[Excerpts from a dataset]
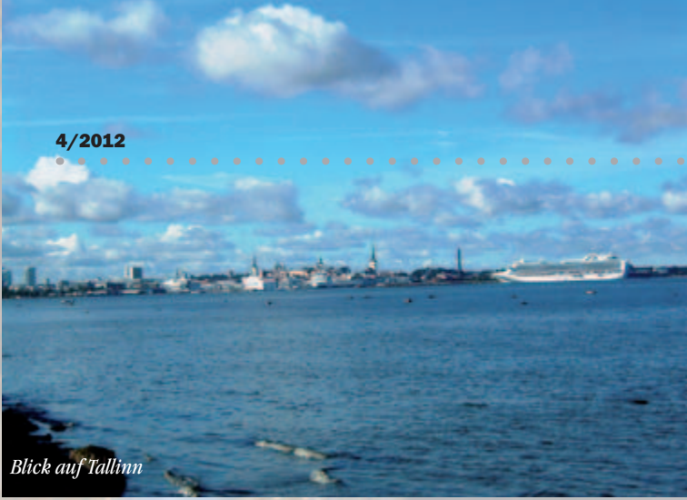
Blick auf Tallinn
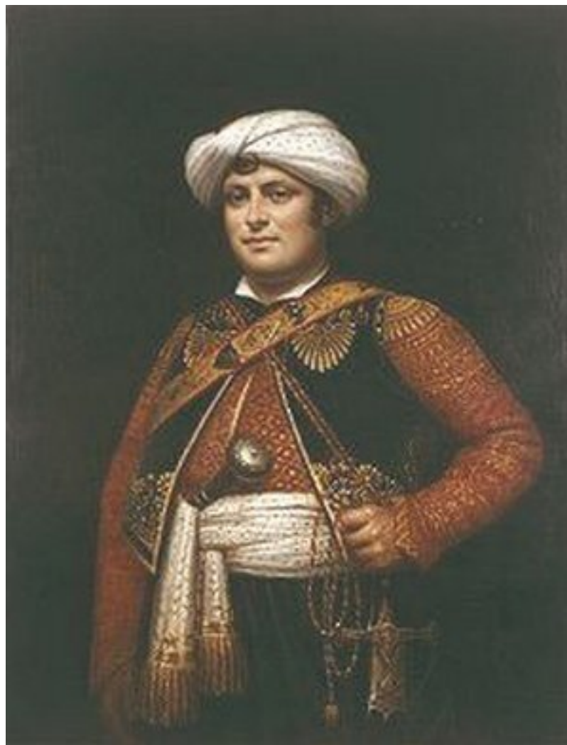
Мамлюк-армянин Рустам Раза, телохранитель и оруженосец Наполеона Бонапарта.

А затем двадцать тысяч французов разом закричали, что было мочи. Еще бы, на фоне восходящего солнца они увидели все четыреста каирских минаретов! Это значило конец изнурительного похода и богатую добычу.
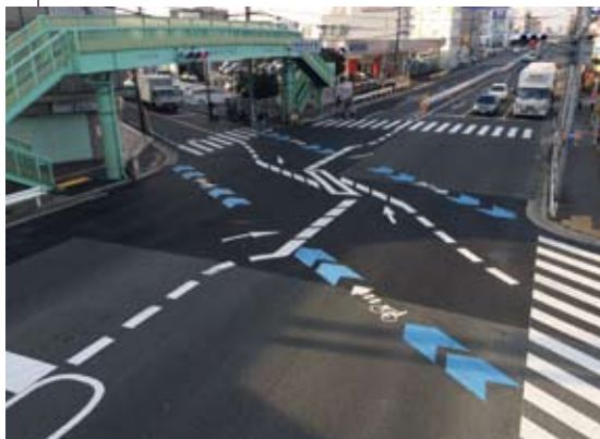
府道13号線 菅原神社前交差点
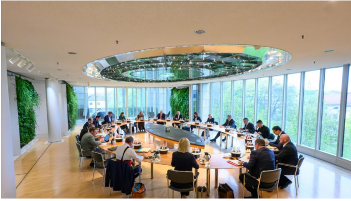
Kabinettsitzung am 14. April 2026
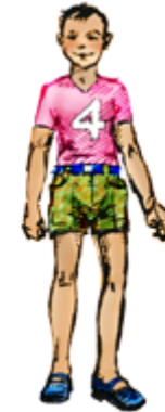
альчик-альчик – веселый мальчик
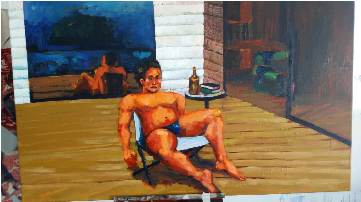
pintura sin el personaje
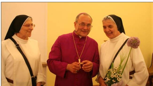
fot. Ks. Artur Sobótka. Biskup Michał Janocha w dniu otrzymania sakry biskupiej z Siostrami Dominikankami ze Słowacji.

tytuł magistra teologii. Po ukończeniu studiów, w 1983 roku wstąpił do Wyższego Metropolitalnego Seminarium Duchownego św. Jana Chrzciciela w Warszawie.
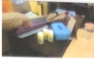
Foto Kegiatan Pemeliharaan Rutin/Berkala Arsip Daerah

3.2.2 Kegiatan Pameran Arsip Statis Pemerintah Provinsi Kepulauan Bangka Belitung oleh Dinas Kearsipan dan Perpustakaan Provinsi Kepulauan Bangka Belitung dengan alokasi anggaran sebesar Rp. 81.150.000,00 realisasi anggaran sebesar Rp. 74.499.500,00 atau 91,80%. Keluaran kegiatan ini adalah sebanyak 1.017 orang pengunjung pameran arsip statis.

Exercise objective
Write down exactly what the lines above say, from the line holding "альчик-альчик – веселый мальчик" through the line holding "Foto Kegiatan Pemeliharaan", and nothing more. Do not copy the pictures.

Solution to this problem
альчик-альчик – веселый мальчик
pintura sin el personaje
fot. Ks. Artur Sobótka. Biskup Michał Janocha w dniu otrzymania sakry biskupiej z Siostrami Dominikankami ze Słowacji.

tytuł magistra teologii. Po ukończeniu studiów, w 1983 roku wstąpił do Wyższego Metropolitalnego Seminarium Duchownego św. Jana Chrzciciela w Warszawie.
Foto Kegiatan Pemeliharaan Rutin/Berkala Arsip Daerah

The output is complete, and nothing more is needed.